Поэтому, как это обычно водится в таких микроколлективах, новичок замечает первым делом солнцеликую Тургояк, обращая внимание на её товарок, лишь попривыкнув к слепящему свету бесперебойного обаяния, скрадывающего оттенки и полутона. Насытившись первыми приступами общения, такой дебютант начинает озираться по сторонам, находя всё новых и новых девчонок, противящихся записи в свиту, но, тем не менее, сподобившихся стать только частью подъездного целого.
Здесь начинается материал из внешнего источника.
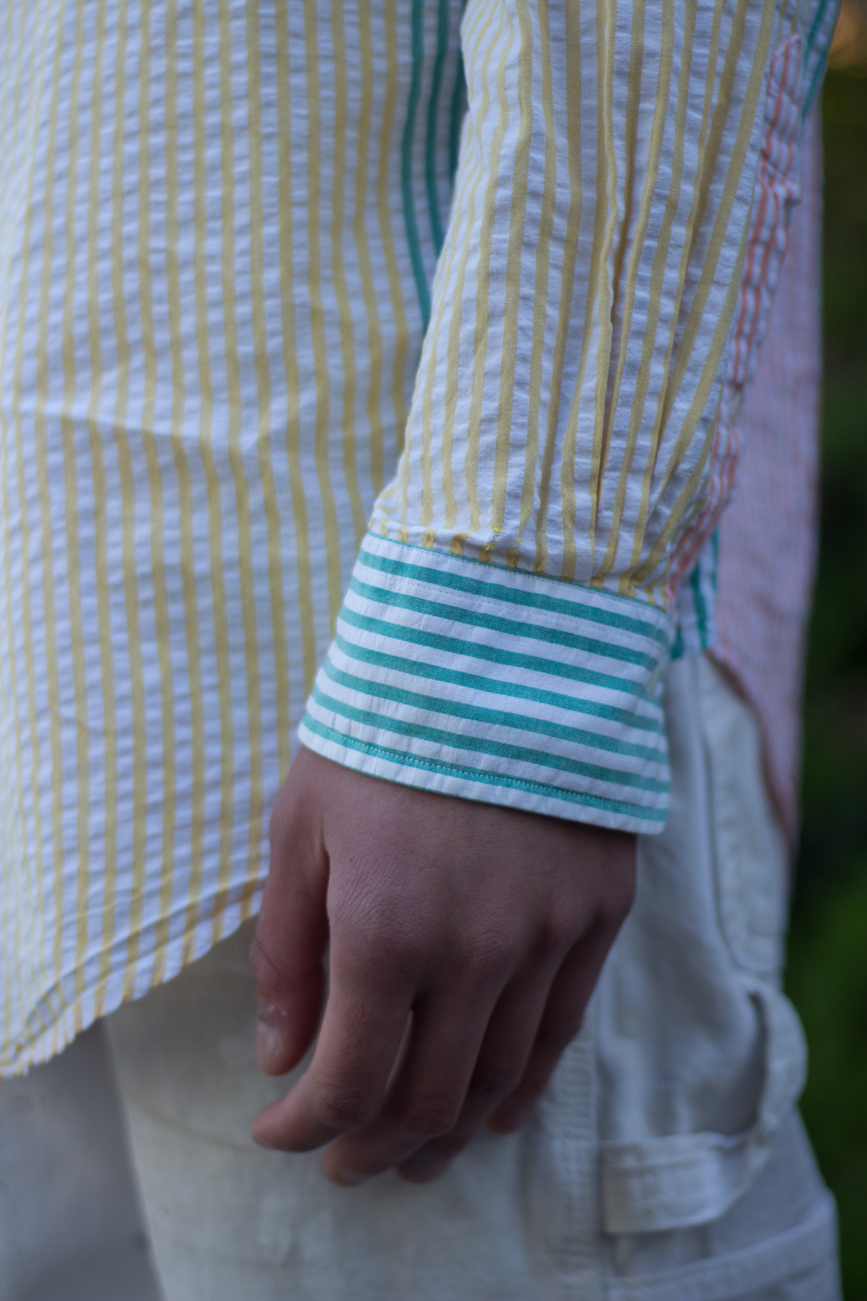 こちらは珍しいシアサッカー素材。立体感のある加工でシワ等ついても気にせず着用できるシャツ。

Дело в том, что другие соседки, может быть, и неосознанно стремятся отодвинуться от этого летнего, палящего влияния Марины, тогда как Пушкарёву устраивает её первородство и сила, в которой она купается, точно в южном море, становясь более сильной и, что ли, проявленной в мире – своего-то темперамента у неё на это явно не хватает.
Амон Ра
Вася помнит, как они переезжали на первый этаж и грузчики ещё носили вещи, а Тургояк со свитой уже сидела на лавочке возле подъезда и разговаривала с новыми соседями по-хозяйски вкрадчиво, деловито. Она не то чтобы обязательно хотела понравиться, но наводила порядок внутри собственного пространства, где образовались дополнительные обстоятельства, которые теперь не объехать – ведь чтобы спуститься с её второго этажа и выйти на улицу, нужно пройти площадку с квартирой новых знакомых. Мороз-воевода дозором обходит владенья свои. Ну, и мальчик, опять же. С причёской Муслима Магомаева. Стройный как Конкорд. Первый парень на деревне, остальные давно забракованы. Как же перед ним теперь свой златогривый хвост не распустить?!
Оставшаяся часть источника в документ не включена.